◆ To do
Find the line containing "Календар на Клуб Форд България за 2015", then print it and each following line through the end of the records, exactly and with nothing added; leave out any pictures.

◆ Source data
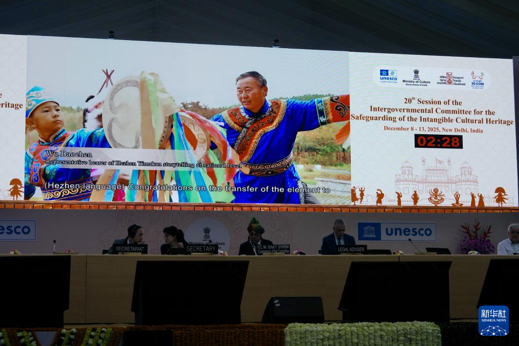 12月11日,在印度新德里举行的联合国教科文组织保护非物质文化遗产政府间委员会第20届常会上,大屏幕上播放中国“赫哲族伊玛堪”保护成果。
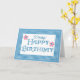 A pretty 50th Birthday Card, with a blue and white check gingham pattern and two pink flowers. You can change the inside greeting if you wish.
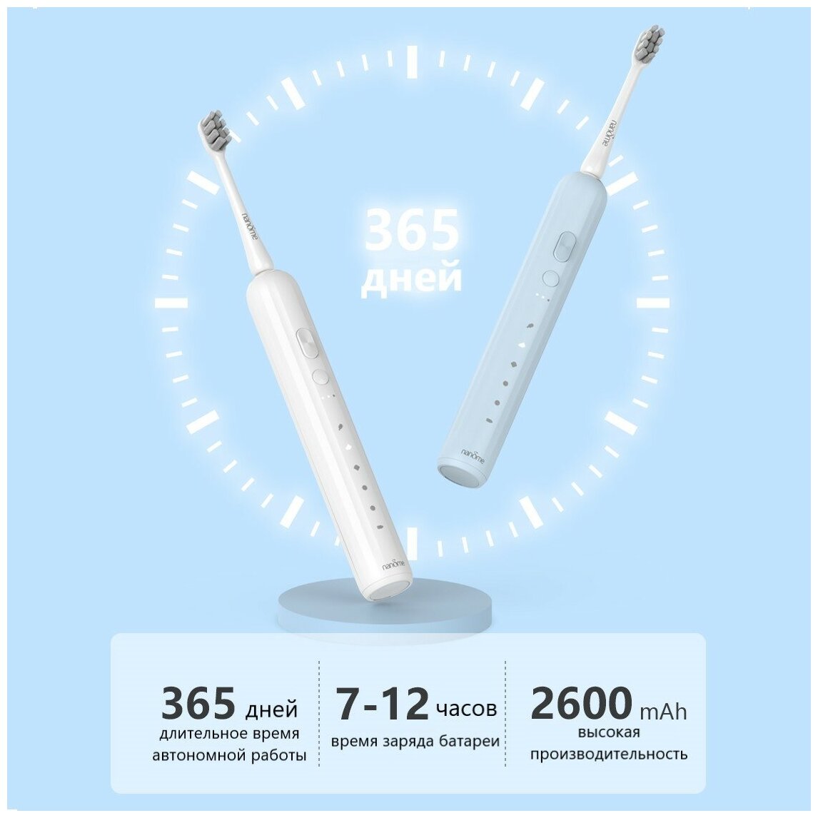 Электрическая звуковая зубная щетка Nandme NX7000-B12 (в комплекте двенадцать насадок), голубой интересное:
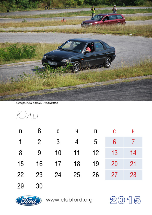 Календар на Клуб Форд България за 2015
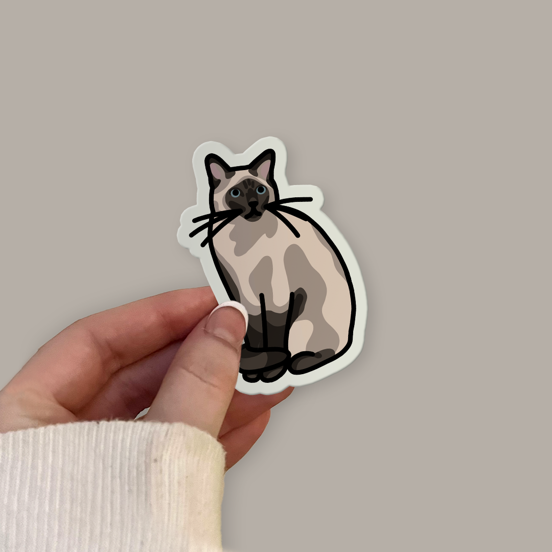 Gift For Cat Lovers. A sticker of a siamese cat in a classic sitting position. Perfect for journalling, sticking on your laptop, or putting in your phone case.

◆ Response to the exercise
 Календар на Клуб Форд България за 2015
 Gift For Cat Lovers. A sticker of a siamese cat in a classic sitting position. Perfect for journalling, sticking on your laptop, or putting in your phone case.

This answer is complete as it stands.